Pablo Marçal foi denunciado ao Ministério Público de São Paulo após declarações consideradas preconceituosas contra religiões de matriz africana. A notícia-crime foi apresentada nesta terça-feira, 8, pela candidata a deputada estadual por São Paulo Mirelle Buêno, vereadora de Pirassununga, mãe de santo e dirigente religiosa, e pelo candidato a deputado federal Juliano Medeiros.
A representação foi motivada por declarações feitas por Marçal no dia 27 de agosto, durante uma entrevista transmitida ao vivo pelo canal BNTV Brasil, no YouTube. Na ocasião, ele afirmou que “todo macumbeiro é um derrotado na vida, um invejoso” e declarou ainda que, se “macumba funcionasse, Bahia seria Dubai”.
As falas tiveram ampla repercussão nas redes sociais e foram apontadas pelos autores da denúncia como manifestações de racismo religioso contra as tradições de matriz africana.
No documento encaminhado ao Ministério Público, Mirelle Buêno e Juliano Medeiros sustentam que as declarações ultrapassam os limites de uma crítica religiosa ou da manifestação de descrença. Segundo a representação, as falas atribuem características depreciativas, de maneira generalizada, a toda uma coletividade religiosa.
A denúncia destaca especialmente o uso da expressão “todo macumbeiro” e afirma que as declarações atingem umbandistas, candomblecistas, pais e mães de santo, sacerdotes, integrantes de terreiros e outras pessoas ligadas às religiões de matriz africana.
“Não estamos discutindo o direito de Pablo Marçal ser cristão, de não acreditar na nossa religião ou de discordar das nossas práticas. Esse direito precisa ser respeitado. O que não podemos aceitar é que milhões de brasileiros sejam chamados publicamente de derrotados e invejosos simplesmente por causa da sua fé. Liberdade religiosa precisa valer para todos”, afirmou Mirelle Buêno.

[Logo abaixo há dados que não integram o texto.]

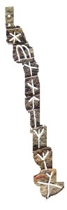 The translation of the runes on SP-1 reverse has certainly not satisfied anyone. It appears it can be broken up as follows: MIL TI (A) KI. This is in simple Old English…mill tie (56) key. From this Mongé derived the message: LIT A MIK or ‘seen by me’. Or perhaps it is actually stating who wrote and inscribed (let) this stone. Read in both directions: ⇒ Me let…I Aki…… I tell ⇐. Altogether it says:
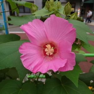 ピンク色の芙蓉の花が綺麗でした。
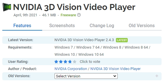 NVIDIA 3D Vision Video Player 무료 다운로드
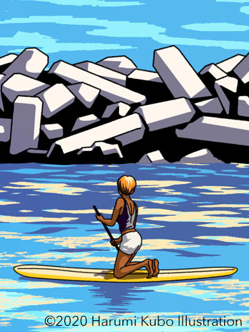 The quiet cove inside the wave block is known as a practice field of SUP (stand-up paddle). On the hot summer day, greetings between a Sup surfer and visitors sound mellow under the mid-afternoon sun.
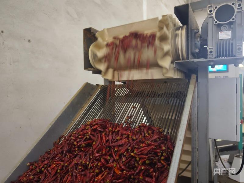 生产车间内辣椒正在进行机械化处理(央广网记者 栾小琳 摄)
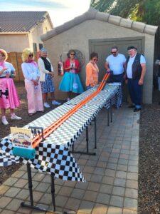 A Valentine’s Day Fabulous 50’s Putt was hosted by Don and Bonnie McDonald and Ron and Carol Boen on Feb 14th, at the Boen’s home. It was a near perfect weather day. There was approx. 60 people in attendance and 19 classic cars! The cars are always impressive. The outfits worn in the true 50’s style were outstanding!
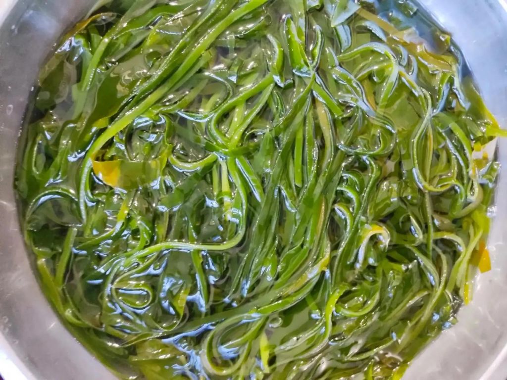 1、锅中烧水,水开下入海带,加少许盐,锅焯至变绿捞出。
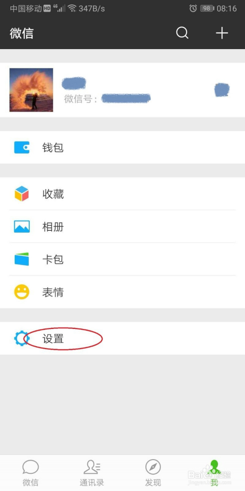 打开手机,进入手机的微信,在”我”的界面下,选择设置
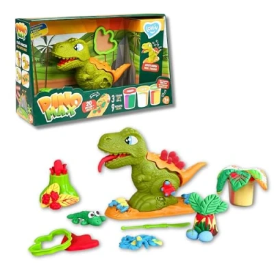 🦖 SCULPTING DOUGH DINOSAUR PLAYSET: Engage your child's senses and spark their creativity with this adorable modelling dough dinosaur activity set. With 9 beautifully vibrant colours, 20 dinosaur-themed moulds, and the daring Dino Max as their buddy, kids ages 3 and older can travel back in time as they create their own 3D prehistoric world. 🎨 FUN CHILDREN'S CRAFT KITS: The exciting dinosaur modelling dough art set gives children so many tools for creative exploration. Kids will love creating mini figures with the moulds and using the cutter to make dinosaur foot prints. They can use the plunger tools to squeeze dough to make colourful lava erupt from the volcano and have the dinosaur toy grow spines on its back and stick out a super long tongue. 🧠 EDUCATIONAL SENSORY PLAY: This interactive art toy is a great way to provide fun learning opportunities through sensory play. Squeezing and shaping the easily mouldable sculpting dough increases young kids' fine motor skills and making sculptures with Dino Max builds concentration and creativity. Sculpting together with friends and family encourages sharing and social skills. 🧽 SAFE AND EASY TO CLEAN MATERIALS: Arts and crafts don't have to be a pain to clean up - the safe and non-toxic modelling dough is specially formulated so it doesn't leave residue on hands and surfaces. This lets children be as creative as they want without the hassle of time-consuming cleaning sessions afterwards. 🎁 CREATIVE GIFTS FOR GIRLS AND BOYS: If you're looking for creative gift ideas for children, this dino playset is a great option for young boys and girls that's got everything needed for hours of modelling fun. Includes 3 tubs of tricolour modelling dough, 1 dinosaur figure with moulds, 1 support stand with moulds, 1 sculpting tool, 1 volcano with plunger, 1 foot print shaped cutter.
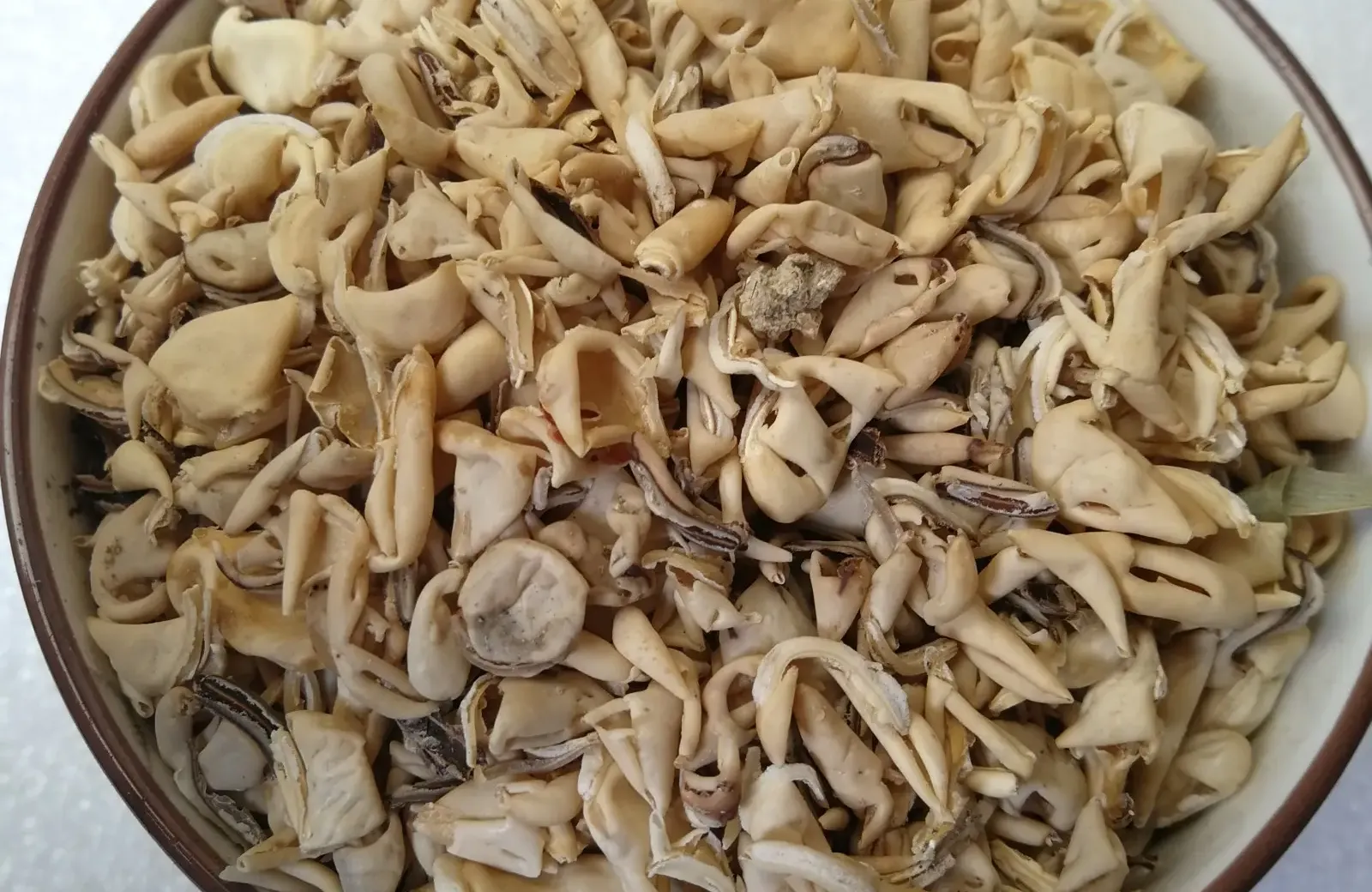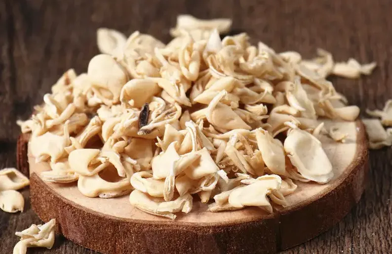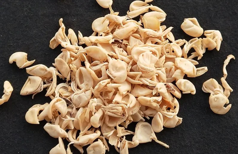 本品呈囊壳状、凹陷或卷缩成不规则瓢片状,长约 1 cm,厚不超过 1 mm,表面光滑,乳白色或淡黄白色,有的可见种阜,完整的种阜半月形,类白色。质硬韧,体轻。气微,味淡。以囊壳完整、色黄白、不带种仁者为佳。

A representação também chama a atenção para o alcance das declarações. Na data em que as capturas foram reunidas como provas, o vídeo completo da entrevista acumulava mais de 361 mil visualizações. Já o perfil verificado de Pablo Marçal no Instagram reunia aproximadamente 13,9 milhões de seguidores.
Um trecho com as declarações, publicado no próprio perfil de Marçal, havia alcançado cerca de 1 milhão de visualizações, além de milhares de comentários e republicações. O documento reúne ainda comentários de usuários que teriam reproduzido ou reforçado o conteúdo depreciativo das falas.
Para Mirelle e Medeiros, uma manifestação dessa natureza, quando feita por uma pessoa com milhões de seguidores, amplia os impactos do discurso e pode contribuir para a reprodução de preconceitos e estereótipos contra os povos de terreiro.
Os candidatos pedem que o Ministério Público instaure um procedimento investigatório criminal ou requisite a abertura de inquérito policial para apurar os fatos. Entre os pontos apresentados está a possível ocorrência, em tese, do crime previsto no artigo 20 da Lei nº 7.716/1989, relacionado à prática, indução ou incitação à discriminação ou ao preconceito por motivo de religião.
A representação solicita ainda que seja analisada uma possível incidência do artigo 20-A da mesma legislação, considerando o contexto de descontração, diversão ou recreação em que parte das declarações teria sido feita.